Weaver & Tidwell, L.L.P. v. The Guarantee Co. of North America USA
Dallas Court of Appeals, No. 05-12-00750-CV (April 8, 2014)
Justices O’Neill, Lang-Miers (Opinion), and Evans
Guarantee issued a performance bond to a construction company (J&V) in May 2006 after receiving J&V’s audited financial statements prepared by Weaver. J&V defaulted on its construction contract, and Guarantee incurred losses honoring its performance bond. Guarantee sued Weaver in August 2009 for negligent misrepresentation and prevailed in the trial court, but the Dallas Court of Appeals reversed and rendered, holding the claim was barred by limitations.

After defaulting on its construction contract, J&V sued Weaver in September 2008 for breach of fiduciary duty, fraud, and accounting negligence. The claim was ordered to arbitration as required by Weaver’s engagement letters.

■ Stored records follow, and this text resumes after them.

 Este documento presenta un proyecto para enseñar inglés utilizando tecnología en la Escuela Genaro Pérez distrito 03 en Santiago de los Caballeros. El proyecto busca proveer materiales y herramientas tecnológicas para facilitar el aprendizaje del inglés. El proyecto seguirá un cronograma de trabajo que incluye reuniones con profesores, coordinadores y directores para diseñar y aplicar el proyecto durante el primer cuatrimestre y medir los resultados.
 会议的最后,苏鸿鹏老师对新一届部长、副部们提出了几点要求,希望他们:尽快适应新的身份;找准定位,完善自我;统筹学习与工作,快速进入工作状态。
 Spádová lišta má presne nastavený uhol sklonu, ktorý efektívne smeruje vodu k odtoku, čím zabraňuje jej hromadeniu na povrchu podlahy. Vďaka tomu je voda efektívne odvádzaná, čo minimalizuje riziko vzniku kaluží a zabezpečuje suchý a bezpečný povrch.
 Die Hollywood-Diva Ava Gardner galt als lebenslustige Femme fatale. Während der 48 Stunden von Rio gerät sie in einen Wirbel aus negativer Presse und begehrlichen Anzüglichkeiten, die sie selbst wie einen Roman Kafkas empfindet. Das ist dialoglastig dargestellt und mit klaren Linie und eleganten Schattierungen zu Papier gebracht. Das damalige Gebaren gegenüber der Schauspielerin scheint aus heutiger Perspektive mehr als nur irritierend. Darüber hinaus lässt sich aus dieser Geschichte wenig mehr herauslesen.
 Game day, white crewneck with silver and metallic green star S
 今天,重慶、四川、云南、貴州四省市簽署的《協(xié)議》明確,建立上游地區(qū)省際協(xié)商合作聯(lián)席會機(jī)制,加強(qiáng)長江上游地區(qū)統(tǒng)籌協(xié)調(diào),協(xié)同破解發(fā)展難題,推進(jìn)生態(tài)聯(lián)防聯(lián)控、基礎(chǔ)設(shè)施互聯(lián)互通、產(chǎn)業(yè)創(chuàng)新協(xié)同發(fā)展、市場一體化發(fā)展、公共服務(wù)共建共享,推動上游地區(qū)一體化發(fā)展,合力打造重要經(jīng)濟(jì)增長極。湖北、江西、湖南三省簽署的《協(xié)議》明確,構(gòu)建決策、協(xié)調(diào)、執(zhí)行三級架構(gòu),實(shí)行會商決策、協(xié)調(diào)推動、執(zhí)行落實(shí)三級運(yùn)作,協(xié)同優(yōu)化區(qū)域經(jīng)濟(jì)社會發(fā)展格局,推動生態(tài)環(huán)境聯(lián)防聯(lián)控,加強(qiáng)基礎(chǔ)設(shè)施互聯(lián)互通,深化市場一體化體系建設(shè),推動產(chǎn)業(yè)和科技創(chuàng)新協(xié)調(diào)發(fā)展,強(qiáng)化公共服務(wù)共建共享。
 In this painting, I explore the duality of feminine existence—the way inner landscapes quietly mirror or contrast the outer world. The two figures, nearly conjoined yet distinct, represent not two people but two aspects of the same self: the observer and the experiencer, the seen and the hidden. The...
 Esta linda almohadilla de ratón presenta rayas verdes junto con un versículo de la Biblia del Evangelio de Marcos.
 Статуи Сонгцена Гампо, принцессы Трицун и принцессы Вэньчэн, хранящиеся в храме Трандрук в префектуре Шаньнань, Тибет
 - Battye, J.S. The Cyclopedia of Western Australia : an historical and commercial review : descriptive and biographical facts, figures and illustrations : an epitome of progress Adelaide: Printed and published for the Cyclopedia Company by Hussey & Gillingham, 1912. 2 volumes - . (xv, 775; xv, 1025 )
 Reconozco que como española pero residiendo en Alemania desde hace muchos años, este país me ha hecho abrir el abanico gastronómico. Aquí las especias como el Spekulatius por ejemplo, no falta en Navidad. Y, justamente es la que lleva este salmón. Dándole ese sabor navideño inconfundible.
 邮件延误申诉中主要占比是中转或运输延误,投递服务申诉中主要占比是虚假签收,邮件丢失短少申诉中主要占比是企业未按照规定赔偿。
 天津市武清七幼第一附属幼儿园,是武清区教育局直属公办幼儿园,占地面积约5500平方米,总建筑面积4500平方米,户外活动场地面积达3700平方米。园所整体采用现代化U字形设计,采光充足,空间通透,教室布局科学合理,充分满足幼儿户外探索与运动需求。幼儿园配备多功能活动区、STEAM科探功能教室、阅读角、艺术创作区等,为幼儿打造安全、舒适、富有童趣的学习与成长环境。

Weaver ultimately prevailed in arbitration, securing an order that J&V take nothing from Weaver and pay Weaver almost $800,000 in attorneys’ fees and expenses. Meanwhile, in August 2009, Guarantee sued Weaver to recover its losses on its bond. Weaver’s motion to compel arbitration was denied, and that ruling was affirmed on an interlocutory appeal. Weaver then counterclaimed for a declaratory judgment that Guarantee was liable for Weaver’s arbitration award against J&V. The trial court dismissed the counterclaim on summary judgment.

After a bench trial, the court found Guarantee had justifiably relied on Weaver’s negligent misrepresentation of J&V’s finances, and awarded $2.6 million in damages. The court also found Weaver’s limitations defense failed because Guarantee had not discovered the May 2006 audit was false or misleading “until long after the fact.”

The Court of Appeals reversed, holding that Guarantee’s claim accrued in May 2006, when Guarantee issued its first bond in reliance on the audit. The Texas Supreme Court held in 1997: “A person suffers legal injury from faulty professional advice when the advice is taken.” And although the discovery rule might have tolled limitations, Guarantee’s reliance on that rule failed because it did not obtain an explicit finding by the trial court identifying “when Guarantee knew or should have known of the facts giving rise to Guarantee’s claim.” The two-year limitations period therefore expired in May 2008.

The Court of Appeals affirmed the summary judgment dismissing Weaver’s counterclaim, holding there was no evidence that: (1) J&V had assigned its rights and obligations vis-à-vis Weaver to Guarantee; (2) Guarantee had acted as a contractual or equitable subrogee of J&V; (3) Guarantee was liable under offensive collateral estoppel; or (4) Guarantee was J&V’s alter ego.

Neither party recovered anything from the other.